MAY 2014

Renewing Our Muskoka Commitment: Reducing child mortality through vaccines and micronutrients

“Pneumonia and Diarrhea can be prevented and cured. Yet, for too long they have been the leading cause of global deaths among children. We know what to do, and we have made great progress – but we must do more. We must scale-up proven solutions and ensure they reach every child in need” –Ban Ki-moon, Secretary General of the United Nations Over the last 20 years child mortality has consistently decreased yearly. But despite these achievements, we are still falling behind on our goals to reduce child and maternal mortality (Millennium Development Goals 4 and 5). Sadly, in 2012 alone, over six millions children died from preventable causes, including Pneumonia and Diarrhea.[1.] Pneumonia and Diarrhea alone are responsible for 29% of the deaths of children under five years old –that equals 2 million children per year![2.] Pneumonia and Diarrhea are often the result of poverty, lack of access to routine immunization or health services, and lack of sufficient vitamin A and other essential micronutrients, like zinc. Investing in vaccines and micronutrients has proven to be great investments to combat Pneumonia and Diarrhea and to reduce child mortality rates.

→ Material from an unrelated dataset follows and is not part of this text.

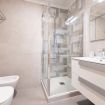 L’appartamento dispone inoltre di due bagni moderni, entrambi con docce in vetro e rifiniture di qualità, dotati di asciugamani, set di cortesia e asciugacapelli.
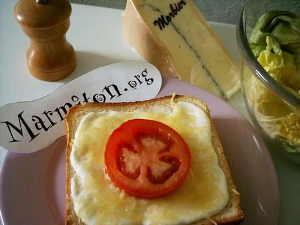 pain de mie, crème fraîche, gruyère râpé, tomate, jambon blanc, morbier

Investing in cost effective and proven SOLUTIONS

In 2010, Canada led the G8 countries to launch the Muskoka Initiative gathering $7.3 billion dedicated to Maternal Newborn and Child Health (MNCH) programmes with Canada investing a total of $2.85 billion between 2010 and 2015.[3.] Through the Muskoka initiative, Canada funds the delivery and development of vaccines and micronutrient supplementation through the GAVI Alliance and Micronutrient Initiative . Thanks to investments in MNCH, 700,000 more children have lived to their fifth birthday in 2011 than in 2010, and maternal deaths have declined sharply in 125 countries in the past five years.[4.] There are several vaccines that protect against pneumonia, including pertussis, measles, Hib, and pneumococcal, all of which are recommended by the World Health Organization (WHO) for inclusion in routine childhood immunization programs. Despite WHO recommendations and the life-saving impact of vaccines more than 22 million children globally still lack access to routine immunization leaving them vulnerable to preventable disease. [5.] Micronutrient supplementation is essential for prevention and treatment of Diarrhea. Oral Re-Hydration Salts and Zinc are part of the highly effective treatment against diarrheal infections.[6.] Additionally, two high-doses of supplementation of vitamin A per year increase protection against diarrhea and respiratory infections, among others ailments. It is calculated that micronutrients have a return investment of $30 for every $1 spent.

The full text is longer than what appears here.